Every day is special to leukemia survivor



Carly Knapp’s kids and husband may have been planning something for her on Mother’s Day last Sunday, but to her it was just another day to treasure.

In five years spanning most of the mid-1990s, her mother and father died, her younger sister fought a serious illness, and Knapp herself battled a potentially fatal disease. During and after those life-changing experiences, Knapp learned that every day is special.

“My focus, like a lot of people’s, is on day-to-day living and wanting to be with the people I love,” Knapp said.

She also has a strong desire to “give back.” Last week, she received the keys to the first office of her counseling practice in Federal Way. Partly because of her own experiences with death and sickness and the strength she drew from other people, Knapp, who turned 52 yesterday, has become a licensed mental health counselor. She plans to eventually specialize in cases involving grief and chronic or terminal illnesses.

“When my mom was dying (from lymphoma, a form of cancer) and I went through my own illness, I was struck by the need for this type of service –– for emotional connections,” she said. “I can never say in words how much I appreciated the help I received from so many people. I hope I can do the same for others.”

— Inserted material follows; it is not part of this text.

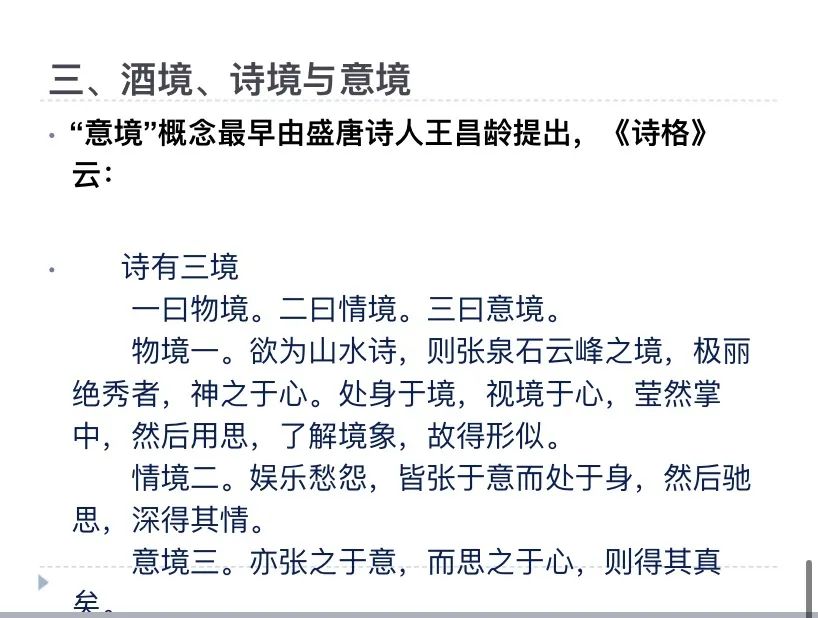 意境,往往指极有深度的诗境和酒境,酒诗意境的生命、精神质量,对于酒诗的审美趋向和存在本质,有更为准确和全面的揭示。

Knapp’s premature faceoff with mortality began in December 1992 when she was diagnosed as having leukemia. Her children were 6 and 8 years old. Death was out of the question for her, but the preferred answer didn’t come easily.

Doctors told Knapp that a bone marrow transplant was her only hope. A national search began for a matching donor. Locally, in efforts chronicled in newspaper coverage, the PTA at the elementary school her kids attended at the time –– Twin Lakes –– sponsored a blood drive at which 200 or so people were tested as possible bone marrow donors. Marine View Presbyterian Church and a running club Knapp belonged to organized similar help.

Finally, Knapp underwent a successful transplant in July 1994 from her sister, Christi Mihelitch –– once considered an unlikely source because of her own struggle with Hodgkin’s disease. But doctors ruled Christi, who’s six years younger than Knapp, was healthy enough to be a donor for the surgery at Fred Hutchinson Cancer Center in Seattle.

Through everything, “the support I got from the community and so many different people was tremendous,” Knapp recalled.

It helped buoy her through her father’s death six months before the transplant and her own recovery period. Those experiences, plus her mother’s death in 1989, motivated Knapp, a longtime dental assistant, to reassess some of her life goals.

Showing the determination of the marathon runner she’d been before getting sick, Knapp used the down time during her illness to study for a career in crisis counseling, starting at the University of Washington-Tacoma and continuing at Seattle University and Pacific Graduate Institute in Santa Barbara, Calif.

“She’s done a lot and overcome a lot. We’re proud of her,” said her husband, Wayne –– a sentiment shared, no doubt, by daughter, Kami, 20, a student at Seattle U., and son Kenny, 18, who works in Wayne’s contractor business.